Masterclass: How NOT to gybe your sailboat

We left Kilmore Quay with a little bit of fowl tide. The tide turns early inshore, but we went about an hour earlier than that so that by the time we were at the corner of Ireland the tide would be in our favour. The sailing conditions were good with smooth seas and a bit of swell from the Atlantic. Even with good conditions, it still takes us time to settle into the sail. There is a lot to do:-

  • Getting the fenders in and preparing the boat to sail
  • Assessing the sea state
  • Assessing the weather conditions
  • Getting the sailboat set to make the best use of the wind
  • Trimming the sails
  • Balancing the boat so that the auto pilot has very little work to do
  • Calming down so that you can enjoy the sail.

We were on a down wind sail, so with these conditions we only furl out the Genoa to the first reef, which for our sail boat, is where a normal jib sail would be at 100%. We sailed against the fowl tide at about 3knots but as predicted, as we got to the corner the tide started to turn in our favour and once we were behind the headland, the swell from the Atlantic dissipated.

With a downwind sail we needed to gybe the boat, we had done two gybes when we decided to turn the cameras on, so that we could film our gybe. We had two great gybes, but the one we filmed was not so great. Beverley called it disastrous, but realistically, there were a few mistakes, but we learned from them, so that is all we can do.

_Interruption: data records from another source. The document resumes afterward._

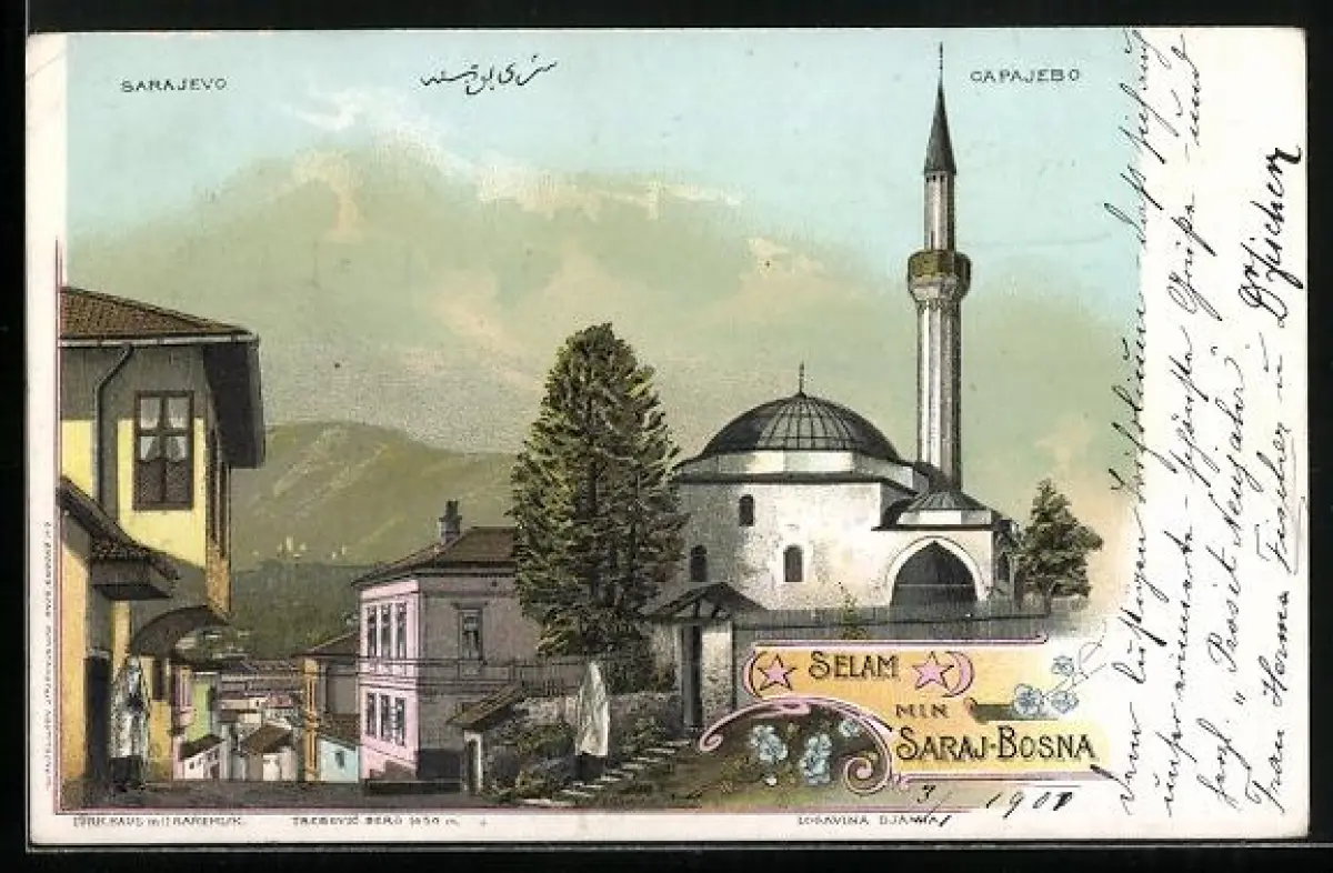 Lithographie Sarajevo, Ortspartie mit Moschee vor Bergkulisse
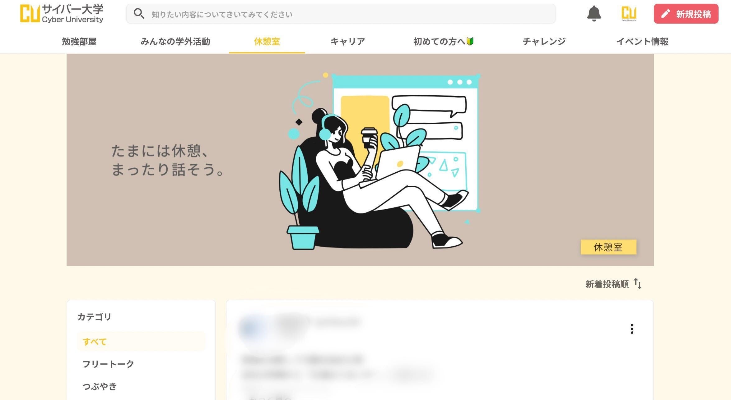 サイバー大学公式コミュニティは、2022年4月にリニューアルし、授業から学外活動まで幅広い学生生活をオンライン上で学生・卒業生・教職員が相互にサポートし、交流を深める場となっています。そのため、 多様な価値観や背景を持ちながら、IT・ビジネスを学ぶ同志とのコミュニケーションを楽しみながら学習を進めることができます。コミュニティ内には豊富なコンテンツが用意されており、サイバー大学での学生生活をより充実させることができる場となっています。
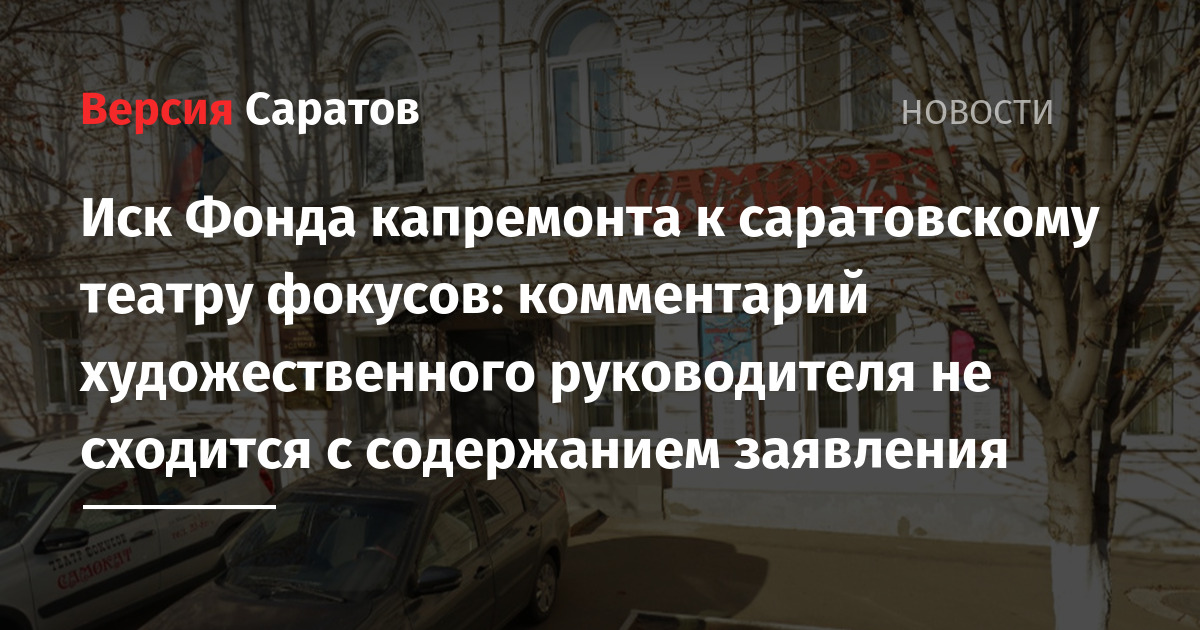 Иск Фонда капремонта к саратовскому театру фокусов: комментарий художественного руководителя не сходится с содержанием заявления
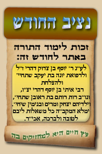 נציב החודש! אם רצונך שזכות לימוד התורה, המסורת והמנהגים, של אלפי לומדים באתר זה יעמדו לזכותך במשך חודש ימים, להצלחה לרפואה או לע"נ, אנא פנה לטל': 0504140741, ובחר את החודש הרצוי עבורך. "נציב החודש" יקבל באנר מפואר בו יופיעו שמו להצלחתו, או שם קרוביו ז"ל בצירוף נר נשמה דולק, וכן בתעודת הוקרה ובברכה אישית ממרן הגאון הרב יצחק רצאבי שליט"א.

  • Start of the gybe - Not quite ready
    Be ready for your manoeuvre, for us that is, turn our auto pilot off so that we are in control, make sure we are wearing gloves, so that the ropes do not burn our skin and have the sheet ready
  • Gybing
    While you are gybing, pull in the main sail so that when you are gybing you are in control of the main sail, so that it crosses the boat in a controlled manor. Once you have gybed let the main sail out using the main sheet.
  • Sort out the Genoa
    Normally that is a simple task, but in our case the lazy sheet was wrapped around the forward cleat, so regardless of how much Beverley cranked the working sheet, the Genoa, would not set correctly which is why Beverley had to go forward. Lesson learned, make sure that you keep the lazy sheets tight so that they do not have any slack to get fouled on cleats etc.
  • Watch where you are going
    It is really difficult to watch where you are going and not the other members of the crew, but if you are helming the boat, that is your task. Also remember that when you are gybing the wind is behind you, so do bear that in mind
  • Keep calm
    When things are going wrong then it can a very trying time, so keep calm. If tempers do get frayed, apologise as soon as you can

A lot of channels do not put in their mistakes, but honestly I can look at this clip and laugh so hard that tears are streaming down my face. I can see where we made mistakes and sometimes it is easier to learn from watching mistakes that seeing everything done right, and if we can entertain people and teach them a little then we are doing our job. With such a disastrous gybe, we decided to turn the cameras on again for our next gybe, which went a lot better apart from the fact that Beverly unwound the working sheet and not the lazy sheet. I have to say because it is smoother, it is not as easy to learn how to do it correctly.

After our gybing stint, we continued up the coast to Arklow, arriving in well after sunset, so I used my torch which I bought with our You-Tube earnings.

Raising money for the RNLI

The RNLI turned 200 years old on 4th March 2024. So as sailors and people who promote the joy of sailing, we thought that we would like to raise just £200. What we hope is that other people take up the shout and raise their own £200. In the last 200 years the RNLI have saved over 144,000 lives and yet they are funded entirely by people like you. They are not government funded.